Concernant les investissements consentis par Accor pour le retour sur les rails de l'Orient-Express (en 2025) et la construction de deux voiliers géants zéro émission (opérationnels en 2026), Sébastien Bazin choisit d'en parler avec humour, déclenchant l'hilarité de l'auditoire : "Le train va nous coûter une fortune. Mais c'est un pur bijou. Ca va nous coûter 5 millions par cabine. Quant au bateau... Le train était une demi erreur, le bateau c'est une erreur complète ! Il va nous coûter 8 millions par cabine". Il précisera que son choix a été de diminuer le nombre de cabines prévu initialement : elles seront finalement 54 par bateau (alors que les navires auraient pu en contenir 130). Mais quelles cabines ! Leur surface moyenne est de 70 m², et la plus grande en compte... 1.500.

Pour concevoir ton hôtel, la clientèle locale tu viseras 

Depuis 45 ans, estime Sébastien Bazin, la conception des hôtels s'est faite en fonction des attentes supposées des clients. Mais il y a 6 ans, le CEO a eu une sorte d'épiphanie qu'il décline ainsi : "Inversez simplement votre façon de penser. Presque à 180 degrés. Tout ce que nous allons construire dans l'avenir - marque, hôtels, nouveaux postes - doit être conçu et programmé pour la communauté locale. (...) Si vous faites un superbe travail pour séduire les personnes habitant à 5 minutes de l'hôtel, ne vous inquiétez pas pour le voyageur : il saura que l'endroit en vaut la peine, qu'il est à la mode, que la cuisine est de qualité... Il choisira cet endroit parce qu'il s'y passe des choses, parce que c'est intéressant, parce qu'il va probablement y rencontrer plus de personnes originaires de la communauté locale qu'ailleurs."

Le loisir et le corpo tu ne sépareras point

Ce commandement est lié au précédent.

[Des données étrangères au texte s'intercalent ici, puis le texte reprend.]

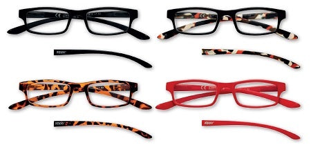 Assortimento in set di 4 occhiali da lettura, 1 pezzo per ciascuna delle 4 finiture - Tutti con la stessa diottria - Conforme alla normativa EN 14139/2010
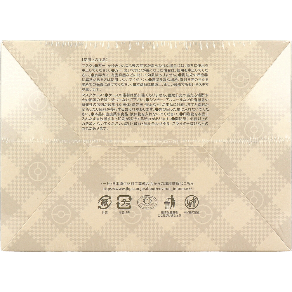注意事項 | 【使用上の注意】 ★マスク ・万一、かゆみ、かぶれ等の症状があらわれた場合には、直ちに使用を中止してください。 ・万一、臭いで気分が悪くなった場合は、使用を中止してください。 ・有毒ガス・有害粉塵などに対して効果はありません。 ・乳幼児や呼吸器に異常がある方は使用しないでください。 ・高温多湿な場所、直射日光の当たる場所での保管は避けてください。 ・本商品は構造上、正しい装着でもモレやスキマが生じます。 ・マスクは感染(侵入)を完全に防ぐものではありません。 ★マスクケース ・ケースの素材は熱に強くありません。直射日光の当たる場所や火や熱源のそばに近づけないで下さい。 ・シンナー、アルコールなどの有機系や揮発性の溶剤が含まれた液体(除光液・香水など)が本品に付着しますと素材が変色したり染料が移行するおそれがあります。 ・先の尖った物は入れないでください。 ・本品に直接薬や食品、液体物を入れないでください。 ・印刷物を本品に入れたまま放置すると印刷が移行する恐れがあります。 ・開閉部に必要以上の力を加えないでください。裂け・破れ・噛み合わせ不良・スライダー抜けなどの恐れがあります。 |

Car ces populations locales qui sont autant de clients sont en partie constituées de ces employés qui ont déserté les bureaux les vendredi et lundi : "Ces gens partent deux week-ends par mois, pour des séjours de trois ou quatre nuits, à quelques heures de route de chez eux... et ils utilisent les possibilités offertes pour travailler à distance. C'est énorme, et c'est une activité fidèle, répétée, sans intermédiaire. Donc pour nous, c'est une bénédiction."

Pour le lit tu ne t'inquiéteras point

"Pendant des années, nous avons considéré le restaurant et le bar comme un mal nécessaire. Même le responsable de l'hospitalité avait intégré que c'était subalterne. Ce qu'il faut faire maintenant, c'est penser exactement l'inverse. Car ce qui compte, c'est le food & beverage et l'accueil : le lobby, le bar, les gens qu'on peut rencontrer... La chambre devient accessoire - un bon lit, une douche, au prix que vous êtes prêt à payer... Mais commencez par la partie amusante ("fun part"), et ne vous inquiétez pas pour le lit."

Là où est la croissance tu iras

Quand j'ai commencé il y a 10 ans, Accor était à presque 85% centré sur l'Europe et à 90% dans les gammes "éco" et "midscale". Cette situation de très forte densité, de leadership en Europe avec Ibis, Novotel et Mercure a duré des décennies et c'était très bien (...) Mais on ne pouvait pas rester qu'en Europe, car la croissance est ailleurs. Elle est au Moyen-Orient, en Asie, dans des pays d'Afrique aussi. Alors décidé d'ller à l'international et d'acquérir les marques manquantes. Celles du premium, du luxe et du lifestyle, auxquelles nous n'avions quasiment pas participé. J'ai commencé avec 10 marques, maintenant elles sont 46.. Le résultat de 14 milliards d'achats et de ventes.